Table 1 summarizes the key topics for the MeasuringU timeline from its genesis to the present day.
Topics | 1998–2004 | 2005–2008 | 2009–2012 | 2013–2015 | 2016–2019 | 2020–2025 |
---|---|---|---|---|---|---|
Industry Trends | Dot-com crash | iPhone, social media | Great recession | Sluggish recovery | Economic expansion, slow wage growth | Pandemic, contraction, ZIRP, recovery, AI |
Company Milestones | Identify need for MU | Measuring Usability, LLC | Hired first employee | MeasuringU | Benchmarking the User Experience, over 1 million blog views in 2017 | Surveying the User Experience, increased staff |
Sample Size | “5 is enough” controversy | Some resolution of “5 is enough” | Quantifying the User Experience (Ch 6–7) | For eight common research designs | 2nd ed.
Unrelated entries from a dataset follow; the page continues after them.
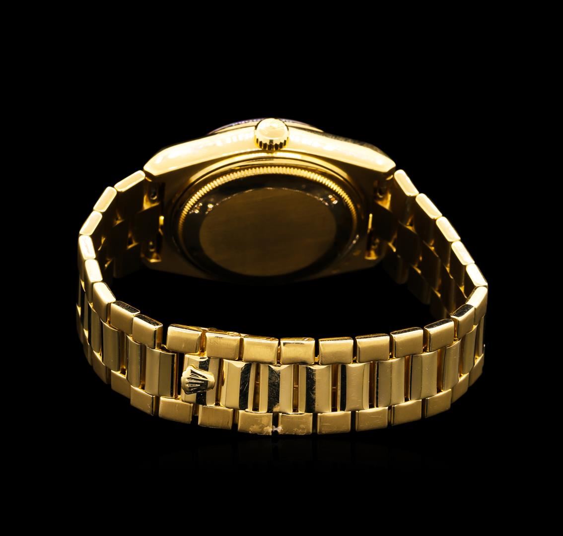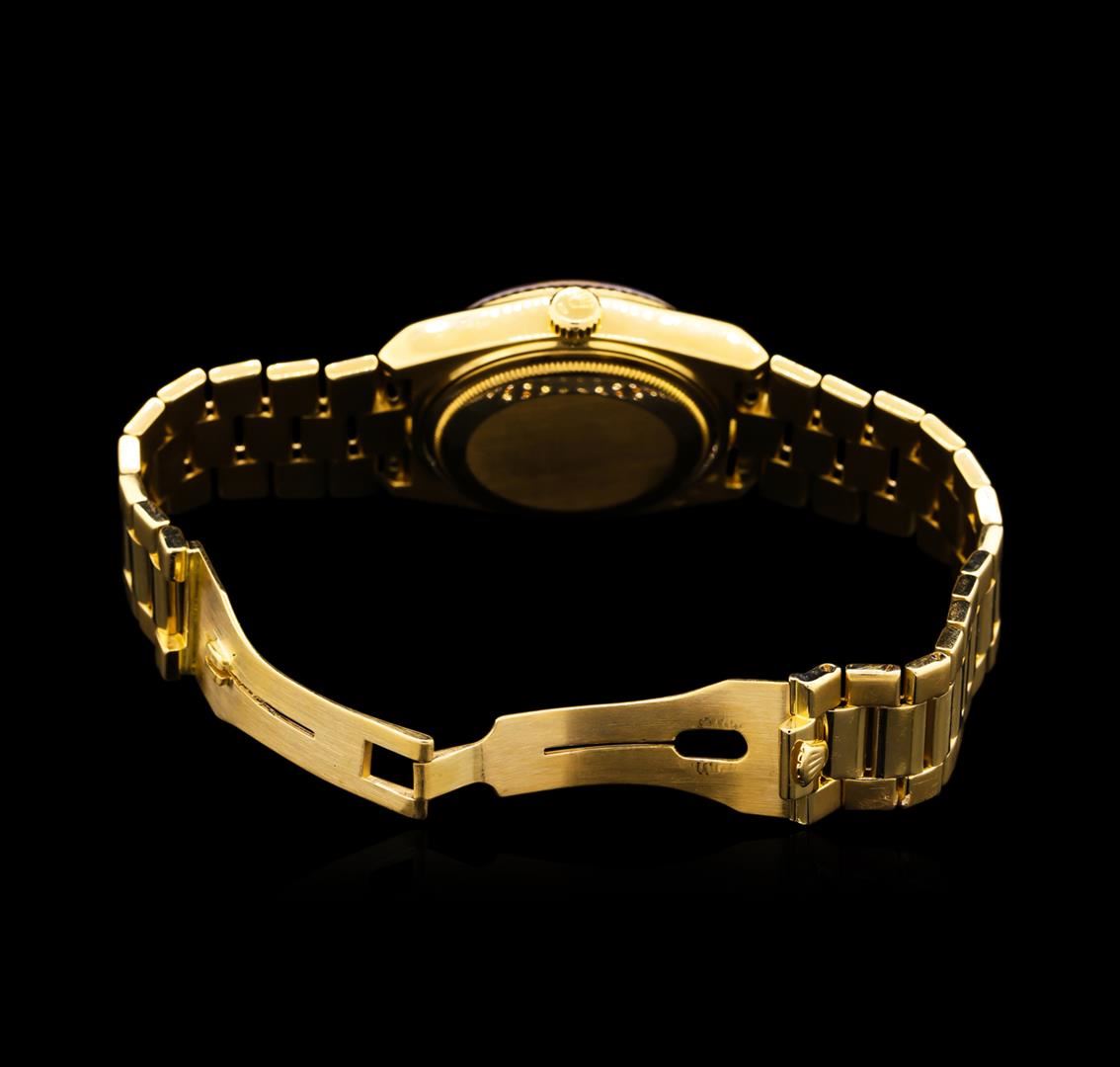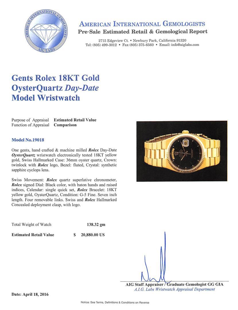 One gents, hand crafted & machine milled Rolex Day-Date OysterQuartz wristwatch electronically tested 18KT yellow gold, Swiss Hallmarked Case: 36mm oyster quartz, Crown: twinlock with Rolex logo, Bezel: fluted, Crystal: synthetic sapphire cyclops lens. Swiss Movement: Rolex quartz superlative chronometer, Rolex signed Dial: Black color, with baton hands and raised indices, Calendar: single quick set, Rolex Bracelet: 18KT yellow gold, OysterQuartz, Condition: G-5 Fine. Seven inch length. Four removable links. Swiss and Rolex Hallmarked Concealed deployment clasp, with logo. Total Weight of Watch 138.32gm. AIG Appraised at $20,880.00.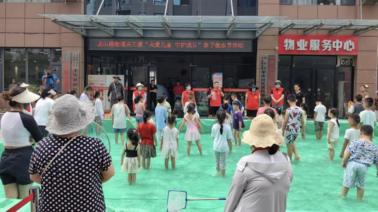 为丰富辖区青少年儿童暑期生活,让孩子和家长从游戏中得到快乐,通过寓教于乐的形式引导青少年儿童增强防溺水安全意识。8月15日下午,龙山路街道妇联、关工委联合辛庄社区共同举办“关爱儿童 守护成长”亲子泼水节活动。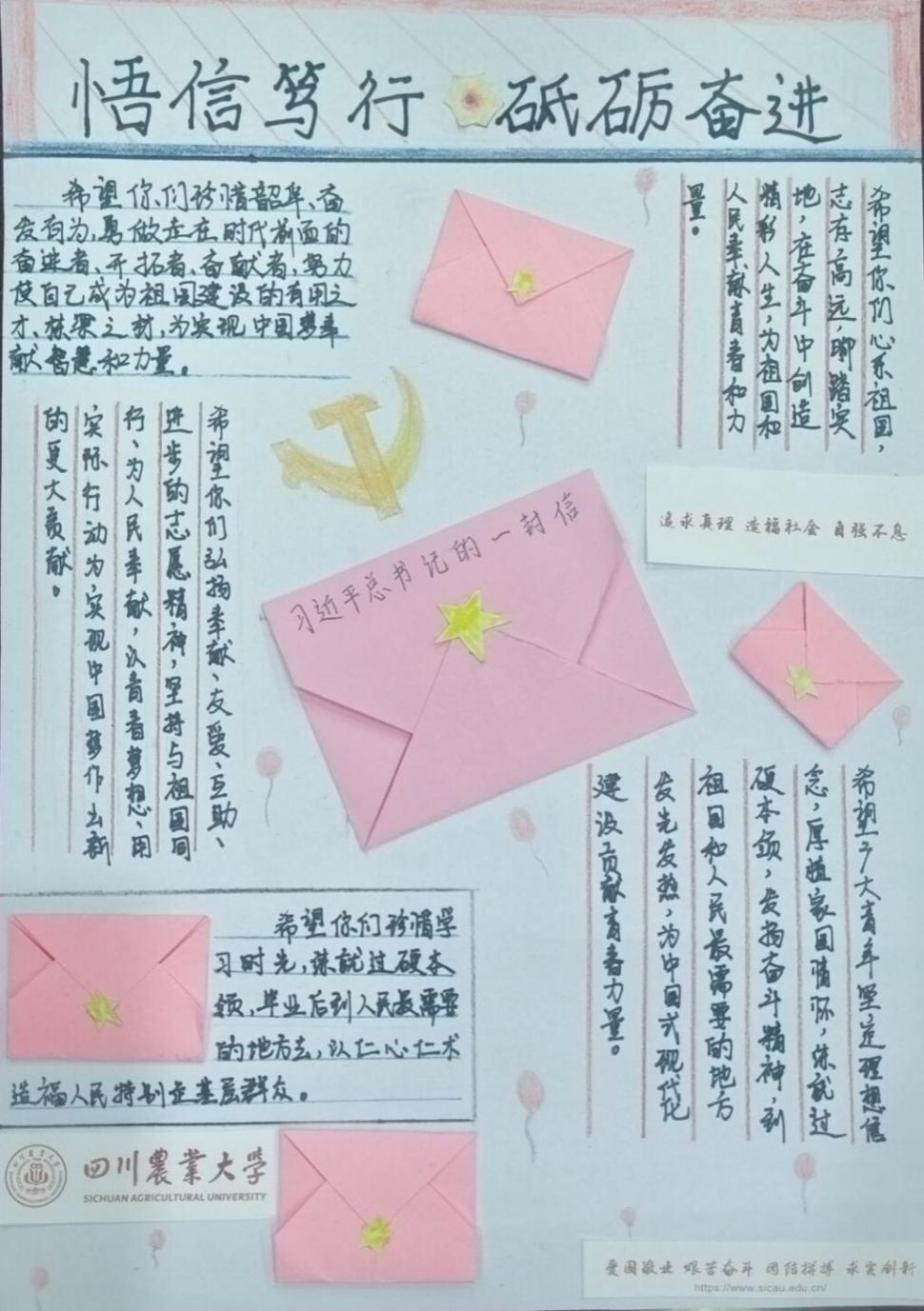 7月13日至8月1日,团队成员自主选择红色主题,完成诗歌、海报、插画等8类共17件红色作品,并将作品发布在小红书、QQ空间等网络社交平台。药剂202201班李佳橙以“烽火里的红星”为主题创作诗歌,用“枪托磨亮月光”、“新苗从弹壳钻出”等质朴意象,诠释对革命先烈的崇敬;药学202202班古丽筠结合德赢VWIN官方网站校训与习近平总书记回信内容制作手账,在卡纸裁剪与文字排版中感悟人民领袖的赤子之心;药学202301李琴将对祖国的自豪之情化作笔下优美线条制成书签,祝愿华夏繁荣昌盛、万事太平;队长药学202302班柴堰颖则运用HTML技术搭建建党104周年互动网站,实现跨学科创新。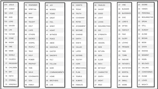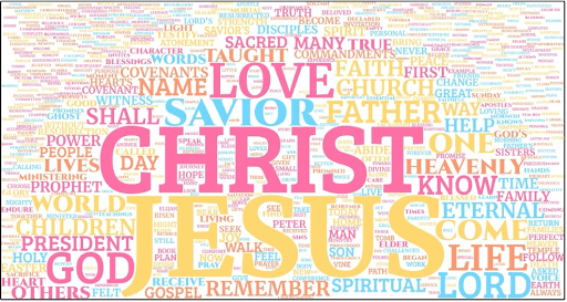 There is a picture on my computer screen that I cannot stop looking at. It is neither portrait nor photograph. It is a word cloud: a square of crowded letters in which large words crouch beside small ones and certain names blaze across the center like lamps at midnight. My friend and colleague Ed Hegeman built it.1 He gathered the full text of every talk given at the April 2026 General Conference, poured all 40,970 words into a generator, and let the program do what programs do. Count. Arithmetic was hired to count and ended by confessing.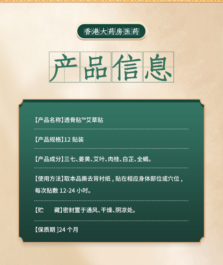 甄选好料草本呵护【香港大药房,艾草透骨贴!】草本植萃传承古方,透骨贴艾灸贴膝盖颈椎腰椎,热敷自发热艾草贴发热贴-lm!ry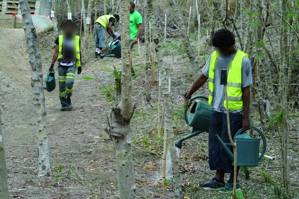 Début janvier, cinq jeunes effectuent des travaux de reboisement aux Boucles de Tina, dans le cadre de réparation pénale. Placés par décision de justice, ils doivent effectuer des heures de travaux au bénéfice de la collectivité. La province Sud les accueille au sein de cinq de ses sites : Les Boucles de Tina, le Centre d’Activités Nautiques, le stade PLGC, le Parc Provincial de la Rivière Bleue et le Parc zoologique et forestier.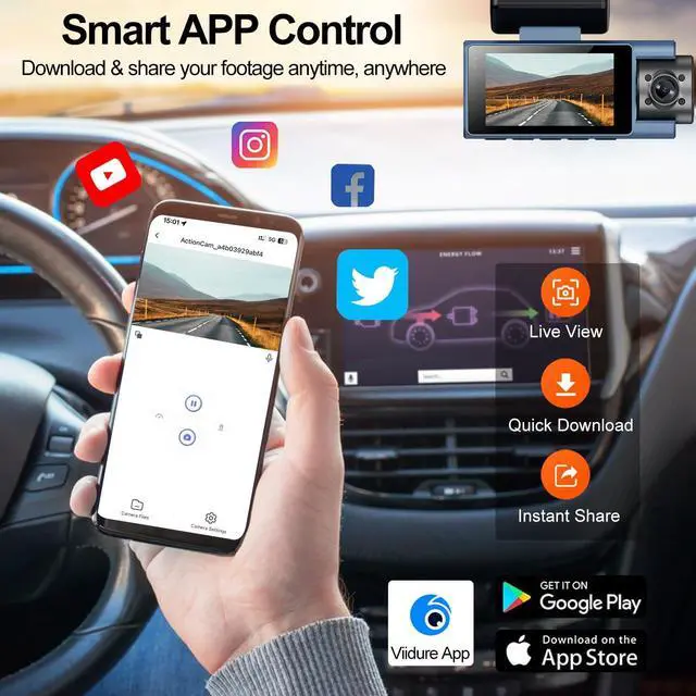 WiFi/App Control Car Camera You just need to connect your smartphone to dashcam WiFi and then you can use the "Viidure" app to view, playback, and manage the dash cam on your IOS or Android devices. You can also download and edit videos in the app. And you can share your travel scenery and wonderful moments with your friends and family.

Quantifying—correlations & regression | Tables based on historical UX standard deviations |
UX Online Tools | Mostly meeting software plus WebEffective | RelevantView, UserZoom | Mobile test capabilities | First version of MUiQ (analytics) | Enhanced MUiQ for data collection and licensing | Enterprise-ready version of MUiQ |
Usability Testing | Summative defined, formative in crisis | NIST project, CUE studies | Practical Guide | Discovery frequency and problem severity | Severity ratings, facilitation, prototype testing | Think-aloud, click testing, ChatGPT-4 |
Data Analysis | Need for common sense UX statistics | Adjusted-Wald binomial confidence intervals | Quantifying the User Experience (Ch 3–5) | Card sorting, icon testing, reliability | PURE | NPS, practical significance |
UX Metrics | ISO 9241-12, ANSI CIF, Six Sigma, NPS | SUM | Construct of usability, SEQ, SUS | SUPR-Q | SUPR-Qm, SUS, NPS | UX-Lite, TAC-10, SUPR-Qm2 |
Table 1: Summary timeline of key topics.
What’s to Come
This is the last article for our 20th-anniversary retrospective, having previously written about our foundational years (1998–2008) and the following period of growth and change (2009–2015). The first 20 years have been unbelievably rewarding for a research company dedicated to delivering empirically grounded and practical UX research, and we are looking forward to the next 20 years. Is it too early to start planning a 50th-anniversary retrospective?